After I asked about her summer, she finally blurted out, “Guess you think I’m really
dumb.” Her tone, suggesting a recent upheaval in self-confidence, signaled that the time had
come to forget the flowers and amble curbside for a heart to heart chat. Alice’s newfound
uncertainty derived in part from her experience at summer camp where she majored in science.
“Miss LaBera helped me with my project. She teaches botany, and she said I was wrong
about your tree and the grass. It isn’t sunshine. It’s only a natural cycle… Someone as old as
you probably knew all along, didn’t you? I sure was wrong.”
“Alice,” I confessed, “I knew. But you know something? In a way you were right.” I
tried to explain how sometimes poets and scientists look at the same thing and see it differently.
Alice soon skated home. And I did something really dumb for someone as old as I, something
really wonderful and poetic! I sprawled on my back in the grass and gazed up at the tall tree. A
tree, thanks to Alice, that really was full of yellow leaves, shining on my face.” (Christian
Science Monitor, Oct. 20, 1988, p. 30-31)
An old man, leaning on a rake, was waiting, waiting for something, waiting for someone,
waiting for Lord knows what.
And a little girl came to him as a sign, as a gift of wonder as she helped an old man see
God’s creation with child-like and poetic insight. She freed him to enter into God’s world with
new eyes.
Centuries before, an old woman, gone into seclusion, and her old life-partner, struck
dumb, were also waiting, waiting for something, waiting for someone, waiting for Lord knows
what.
And a young girl came to them as a sign, as a gift of wonder as she helped them see
God’s promises with poetic insight.
According to Luke, Elizabeth was the first person to recognize God’s gift in Jesus.

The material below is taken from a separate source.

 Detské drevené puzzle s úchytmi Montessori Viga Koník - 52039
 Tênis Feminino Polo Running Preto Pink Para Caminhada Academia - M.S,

Rather amazing, since he was not yet born but still in Mary’s womb. Elizabeth was filled with
God’s Spirit. She knew immediately what it meant and she said to Mary, “Blessed you are
among women and blessed is the fruit of your womb. And why has this happened to me, that the
mother of my Lord comes to me. For as soon as I heard the sound of your greeting, the child in
my womb leaped for joy.” (1:41f)
Elizabeth and Zechariah were expecting something, waiting for someone, sensing
through their own miracle that God was at work on something bigger, and their miracle would
somehow fit into a larger story of what God was doing in that season.

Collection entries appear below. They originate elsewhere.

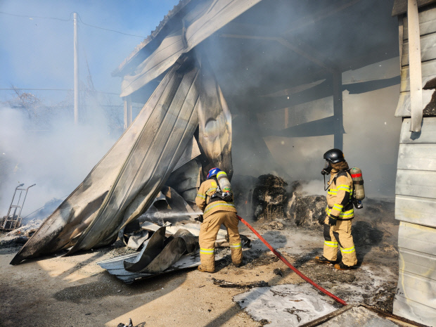 또 창고에서 시작된 불이 인근 농산물 선별분리작업장으로 옮겨 붙어 총 2개 동이 완전히 불탔다.
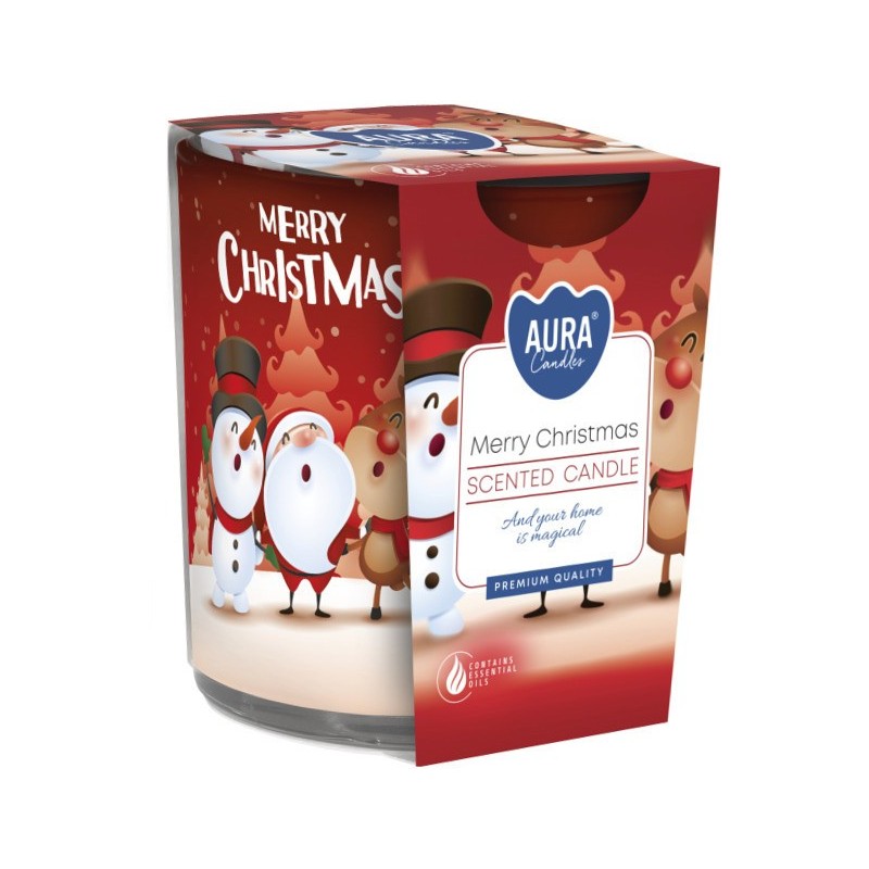 Świeca zapachowa w szkle, ozdobiona folią z motywem wesołych świąt oraz czasem palenia do 22 godzin BISPOL.
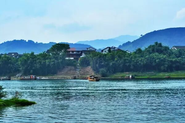 古镇置身于融江之中,四面环水,山怀水抱,犹如镶嵌在青山绿水中的一颗翡翠,整个岛绿色覆盖的面积达百分之八十以上。
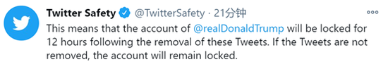 推特安全账号刚刚发声明称:“特朗普的账号将被冻结12小时。”他们声称,如果未来有进一步违反平台规则的情况发生,包括暴力威胁政策等,将会导致账号被永久移除。
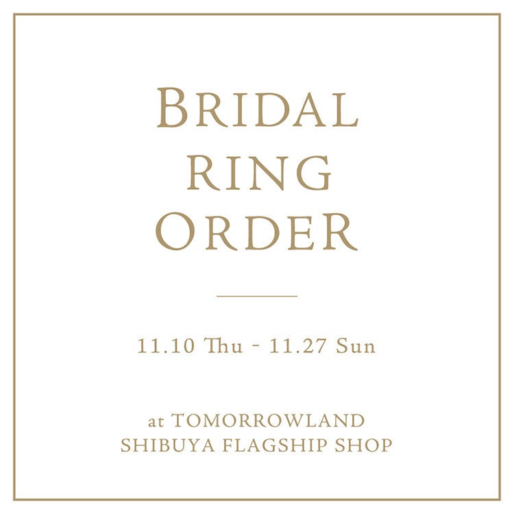 トゥモローランド 渋谷本店では、11月10日(木)から27日(日)の期間「BRIDAL RING ORDER」を開催いたします。
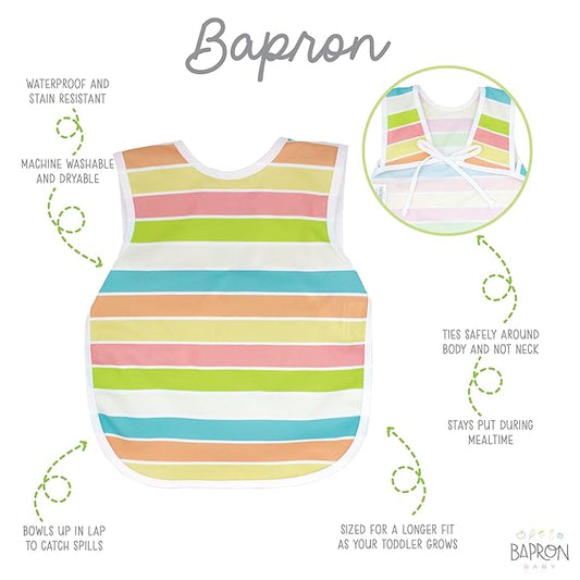 BapronBaby Rainbow Stripes Bapron - No Neck Tie Safer Bib for Baby & Toddler - Soft Waterproof Stain Resistant - Machine Washable - Sz Baby/Toddler 6m-3T
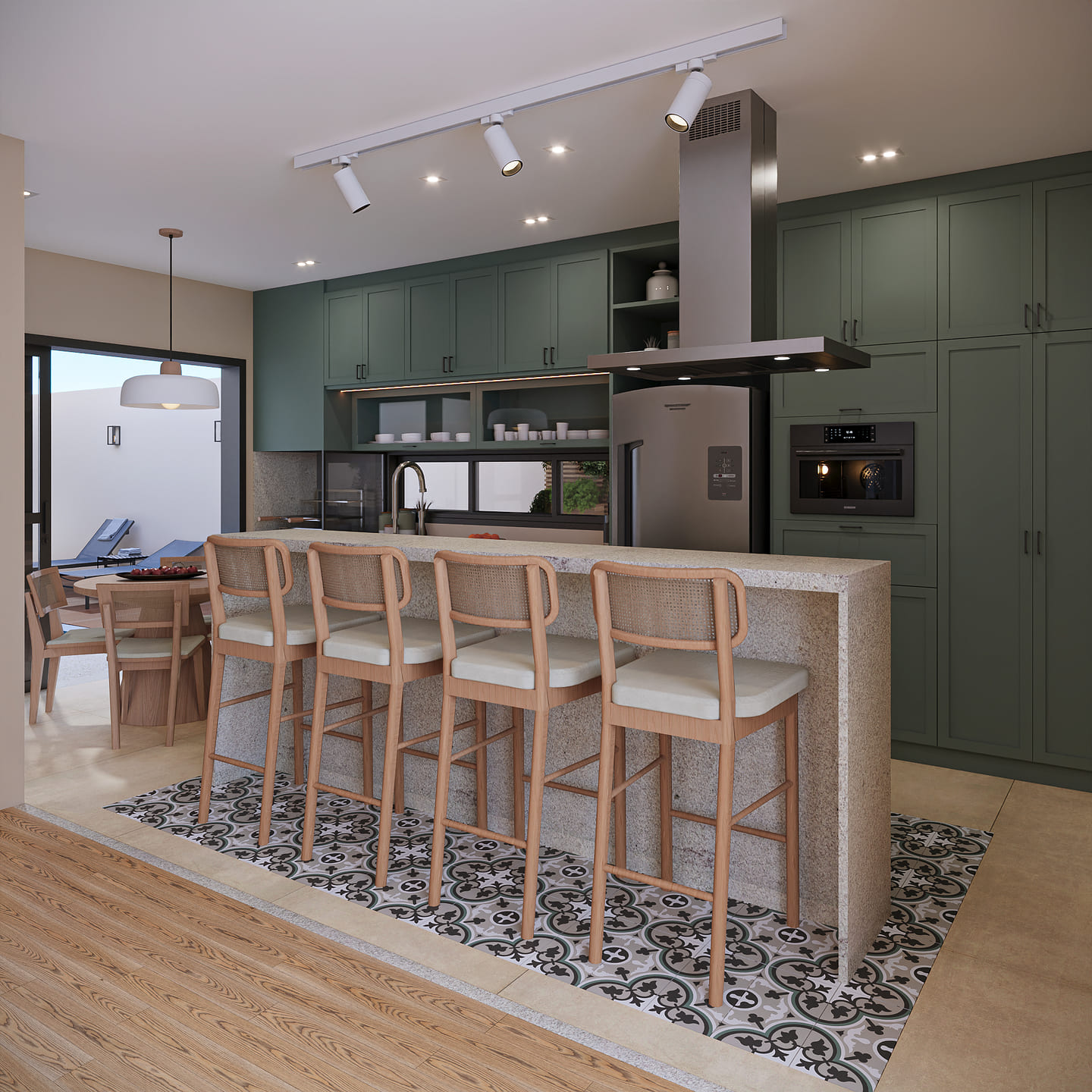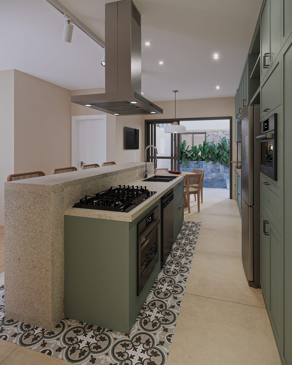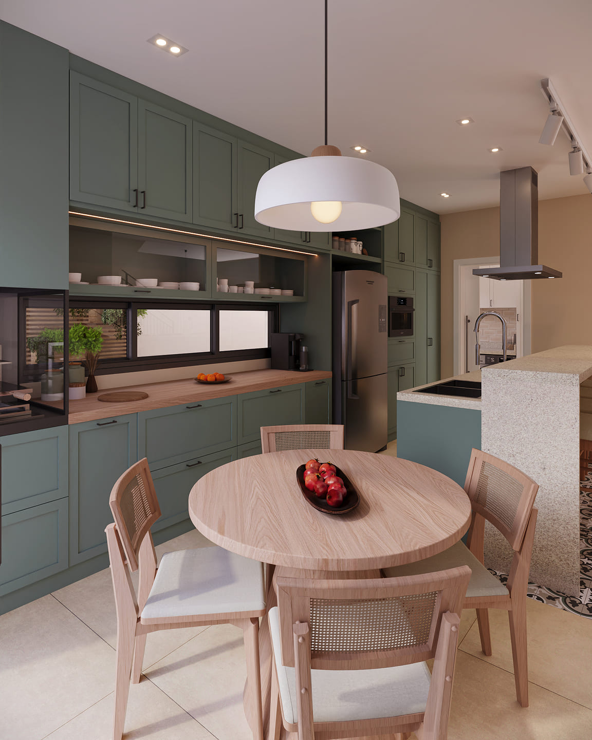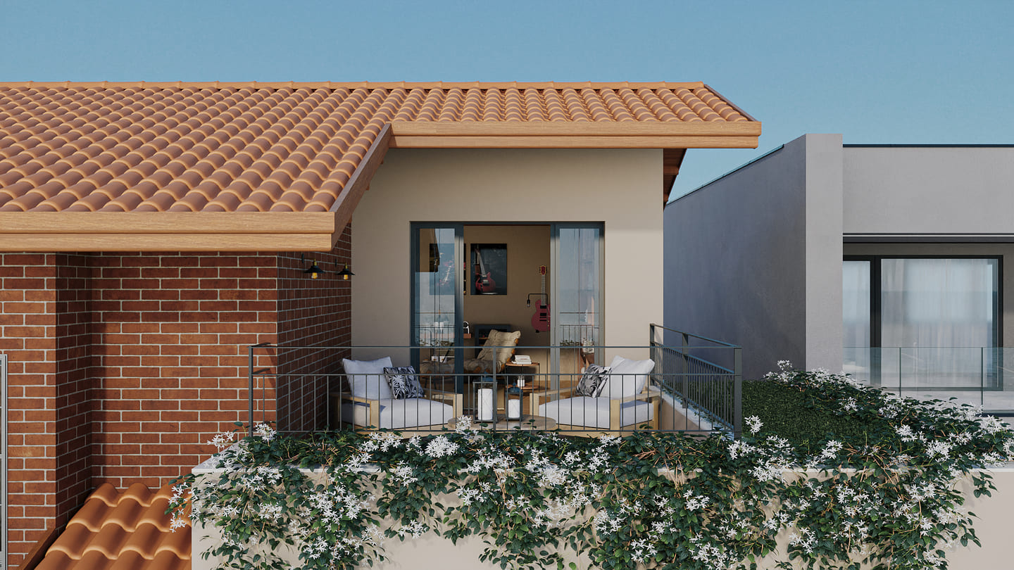 Inspirada na ideia de “casa com cara de casa”, esse projeto traz o aconchego e a simplicidade solicitados pelos clientes: telhado aparente, tijolos à vista e o charme dos revestimentos coloridos como o ladrilho hidráulico.

I hope you are also convinced that God is somehow working among us, in our lives, in
our stories. Your story is God’s story, just as it was with Mary, and with Elizabeth and
Zechariah. That somehow in the in-between predicaments and half-way developments of our
lives, God is at work. It hasn’t come to fruition yet – but God is working out a Holy Purpose
within and through us that cannot yet be fully discerned.
Luke says Mary stayed with Elizabeth for three months, her first trimester, until the time
when Elizabeth delivered her baby, and then Mary returned to Nazareth.

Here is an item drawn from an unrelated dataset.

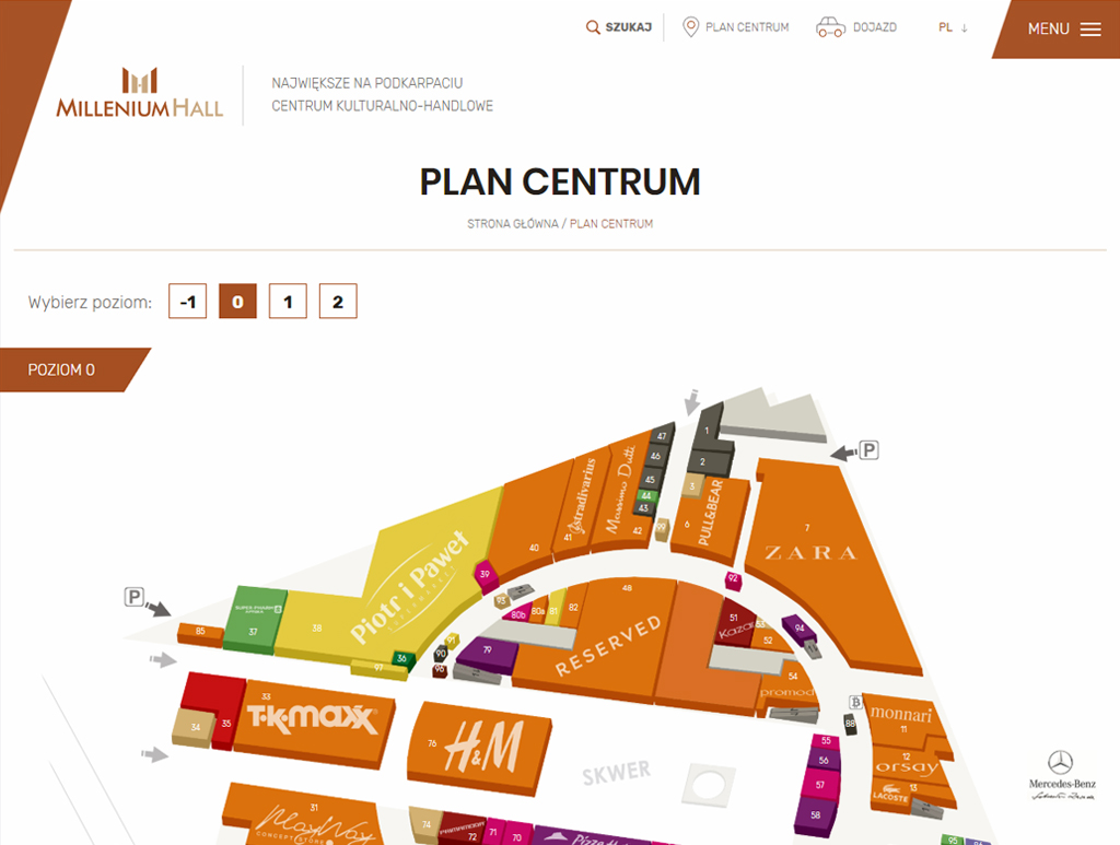 Marki zostały podzielone wg trzech głównych kategorii: Zakupy i Usługi, Restauracje i Kawiarnie oraz Kultura i Rozrywka. Dodatkowym atutem, ułatwiającym użytkownikowi odnalezienie właściwej marki jest czytelna filtracja oraz wyszukiwarka marek.

While together, sharing female wisdom, Mary articulates the words of what we call the
Magnificat, radical words that were based on an earlier female prophesy of Hannah. With her
role model and mentor, Mary had gained new confidence, new insight, and new courage. She
was ready to return home to Nazareth and face whatever awaited her: her parents…and Joseph.
How would this story have been different without Elizabeth and Zechariah? If Elizabeth
had not recognized God at work within Mary – could Mary have ever seen it herself?
Are we also able to see God at work within us? And are we willing to be part of God’s
unfolding story, written across the chapters of our lives? Amen.